Write out the listing from the line with "Существенным плюсом было" to the line with "y cuando pulso", both lines included, exactly and nothing beyond. Leave pictures out.

§ Given data
++++++++++

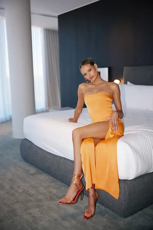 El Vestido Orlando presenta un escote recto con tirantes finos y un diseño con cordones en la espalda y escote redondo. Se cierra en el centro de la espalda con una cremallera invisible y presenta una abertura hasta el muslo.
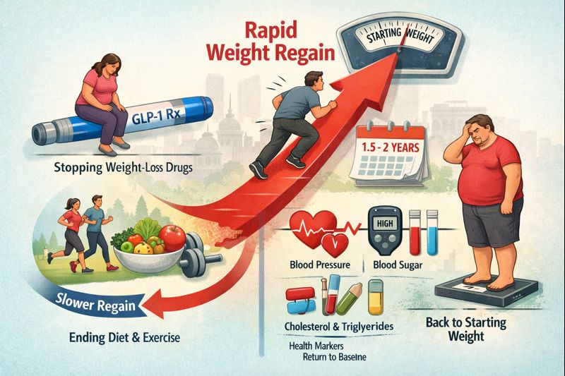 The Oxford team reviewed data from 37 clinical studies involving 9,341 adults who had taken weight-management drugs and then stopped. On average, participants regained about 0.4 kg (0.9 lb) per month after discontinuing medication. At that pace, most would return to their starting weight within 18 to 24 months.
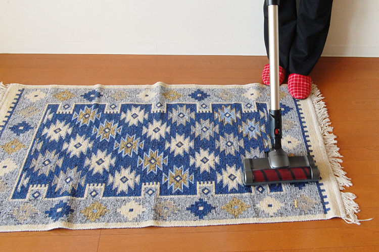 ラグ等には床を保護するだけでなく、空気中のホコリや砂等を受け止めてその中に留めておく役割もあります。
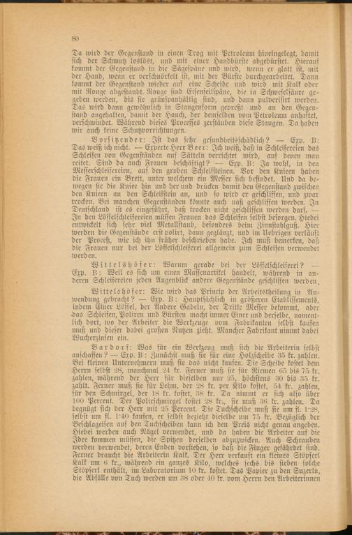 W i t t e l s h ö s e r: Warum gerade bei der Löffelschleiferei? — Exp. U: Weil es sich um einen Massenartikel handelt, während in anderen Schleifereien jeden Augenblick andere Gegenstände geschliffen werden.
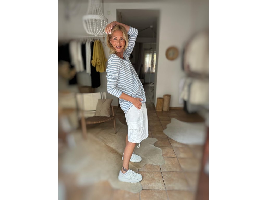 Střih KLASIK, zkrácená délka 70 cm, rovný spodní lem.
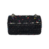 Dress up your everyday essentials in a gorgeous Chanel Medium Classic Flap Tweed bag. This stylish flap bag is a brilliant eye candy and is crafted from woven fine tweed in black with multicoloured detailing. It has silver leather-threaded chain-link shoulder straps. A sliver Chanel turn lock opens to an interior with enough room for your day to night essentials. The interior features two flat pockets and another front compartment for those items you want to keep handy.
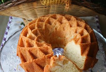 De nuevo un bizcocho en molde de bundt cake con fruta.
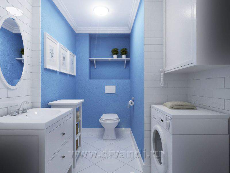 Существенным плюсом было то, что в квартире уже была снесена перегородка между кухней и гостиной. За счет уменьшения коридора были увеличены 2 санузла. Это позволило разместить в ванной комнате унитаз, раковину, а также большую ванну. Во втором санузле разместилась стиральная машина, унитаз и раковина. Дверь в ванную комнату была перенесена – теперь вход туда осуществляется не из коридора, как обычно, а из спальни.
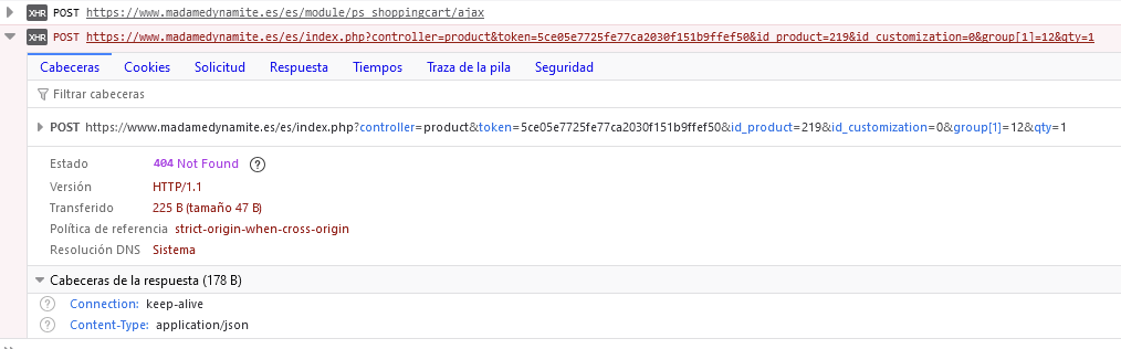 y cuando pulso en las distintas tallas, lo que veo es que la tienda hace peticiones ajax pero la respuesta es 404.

++++++++++

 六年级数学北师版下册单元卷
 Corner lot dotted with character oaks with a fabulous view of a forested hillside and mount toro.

++++++++++

§ Expected output
 Существенным плюсом было то, что в квартире уже была снесена перегородка между кухней и гостиной. За счет уменьшения коридора были увеличены 2 санузла. Это позволило разместить в ванной комнате унитаз, раковину, а также большую ванну. Во втором санузле разместилась стиральная машина, унитаз и раковина. Дверь в ванную комнату была перенесена – теперь вход туда осуществляется не из коридора, как обычно, а из спальни.
 y cuando pulso en las distintas tallas, lo que veo es que la tienda hace peticiones ajax pero la respuesta es 404.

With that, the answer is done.